That was the first thing that cought my eye too. Goes from Toronto to Russia then africa...all over the world lol.


----------



## Phillyb (Jan 18, 2011)

Money Talks checks Bounce 

-Canadian pride-


----------



## Elle (Oct 25, 2010)

Here's an oldie but goodie: this guy got a scam email and decided to seriously mess with the head of the scammer. The results are quite funny.

The Powerbook Prank: He wanted a Powerbook. We gave him a P-P-P-Powerbook!

As for CL, I usually tag my ads with "Local pickup, cash only, no exceptions". Usually keeps the scammers from annoying me.


----------



## gmachine19 (Apr 21, 2010)

Elle said:


> Here's an oldie but goodie: this guy got a scam email and decided to seriously mess with the head of the scammer. The results are quite funny.
> 
> The Powerbook Prank: He wanted a Powerbook. We gave him a P-P-P-Powerbook!
> 
> As for CL, I usually tag my ads with "Local pickup, cash only, no exceptions". Usually keeps the scammers from annoying me.
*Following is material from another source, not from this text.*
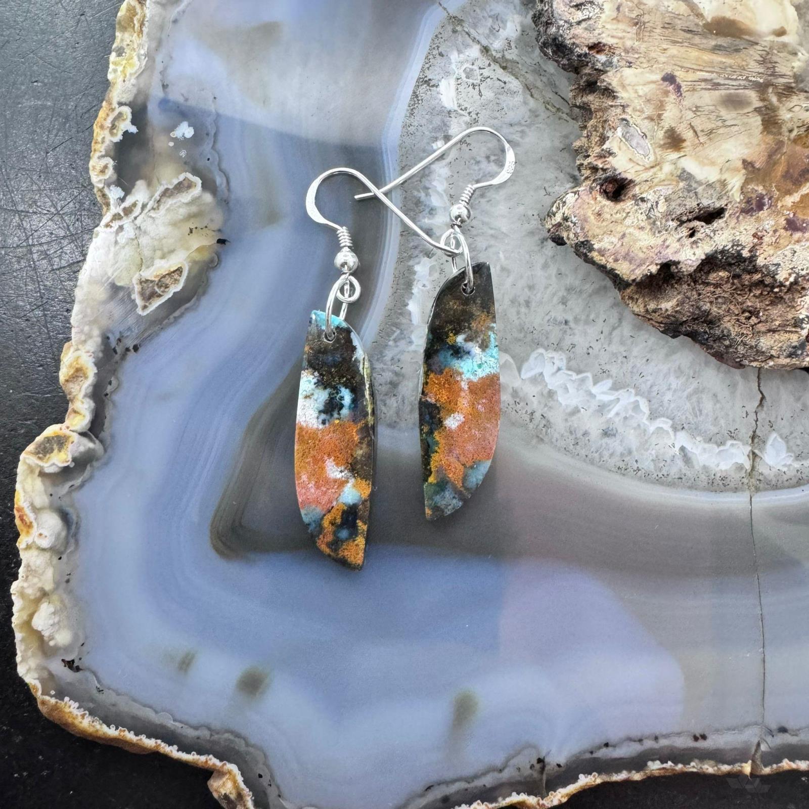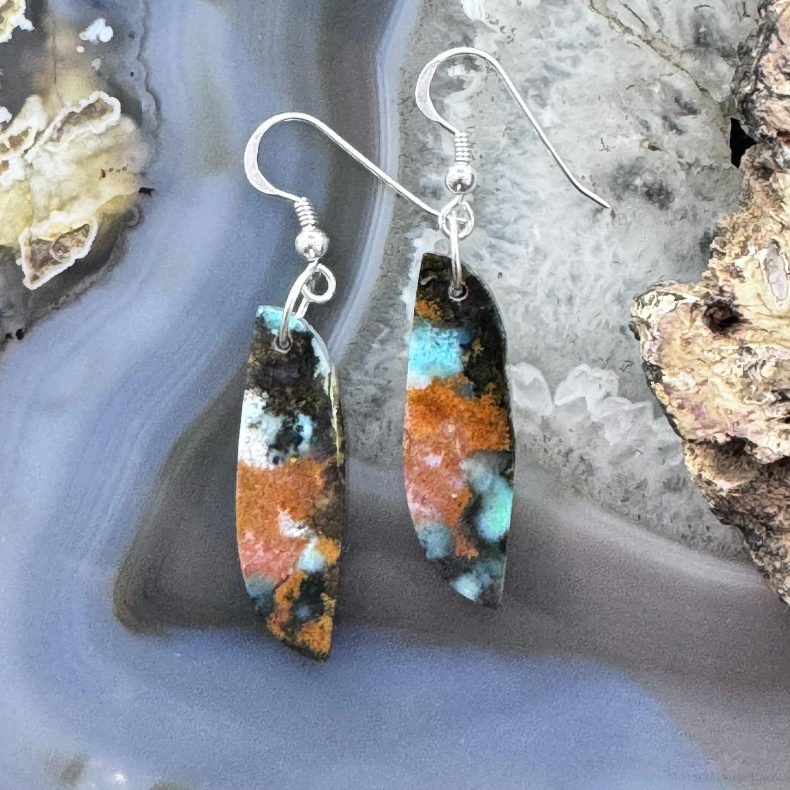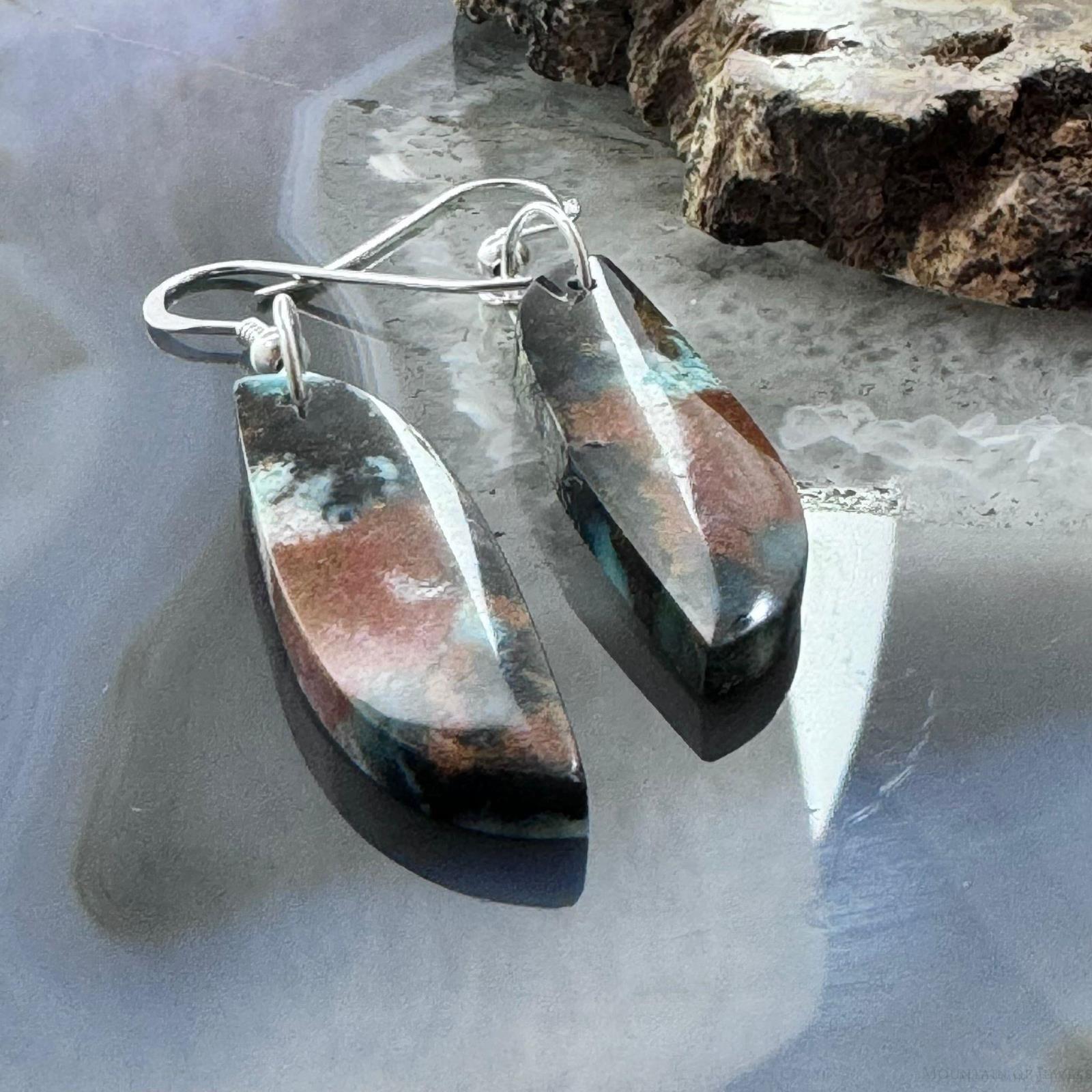 ** Dear buyer, please note that the stones in these earrings are natural and may have various matrixes, lines and sometime pits or cavities. Unlike stones that are set in a silver cup or bezel, these are not. Under normal wear and tear, nothing should damage the stones. However, they are fragile and if dropped on a hard surface they may chip, break or shatter. Since every pair is unique in pattern and design, we would not be able to replace one earring, and you'll have to acquire a whole new set. Wear these beautiful earrings responsibly.**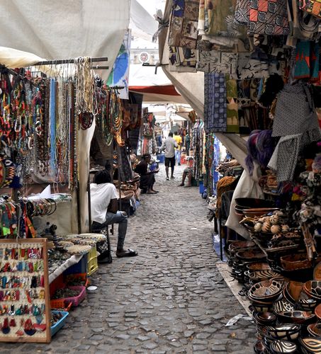 Je vous le disais plus haut, Cape Town s'est développée entre l'imposante Table Mountain (formant une sorte d'amphithéâtre) et l'océan Atlantique. Appelée « la Cité Mère », en raison de son rôle historique dans le développement de l'Afrique du Sud moderne, Le Cap et ses plages de sable doré s'étendent au pied de l'envoutante Montagne de la Table (Table Mountain) et la cité a su pleinement profiter de son titre de Capitale mondiale du design en 2014 pour se transformer et élever sensiblement le niveau de vie de ses habitants. L'architecture s'exprime ici de mille façons : façades aux tons éclatants à Bo Kaap, cabines de bains originales à Muizenberg, Street Art et décors Afro chic des guest-houses, ou édifices victoriens de City Bowl. Pour aujourd'hui, je me contenterai de tâter le terrain et d'en évaluer les risques. Appareil-photos autour du cou, carnet de notes à la main et sac à dos sur moi, je demande à cousin Uber de me déposer au Green Market Square (ci-dessous), haut-lieu de l'artisanat local devenu depuis monument national pour certains. La place en question sur laquelle se dresse encore l'ancienne mairie (deuxième photo) accueillit jadis, c'est à dire dès 1806, un marché alimentaire avant de laisser désormais la place à l'artisanat local.

hahaha thanks for the good read!


----------



## icecool (Apr 21, 2010)

kelly528 said:


> I think a good chunk of them come out of third-world countries such as Algeria and some african, asian and slavic countries where one (especially people getting income through piracy and illegal activities) can afford cheap computers and set up a scamming operation. Where there is no employment and struggling people have extra time on their hands, there is always the willingness to make an attempt at gaining income by working for a scamming operation.
> 
> Of course, few people fall for scams but when you have access to millions of people worldwide via the internet, even the occasional lucky strike of a few hundred USD or some personal info to sell to a larger company can go a long way.


I actually saw the documentary regarding Nigerian scams a couple of years back. Like you said, the person they interviewed mentioned that due to the lack of legal enforcements, they were free to carry on these types of schemes. It was funny though because the background of the interview took place in an internet cafe with 20 computers and the majority of people using them were searching out people to scam.


----------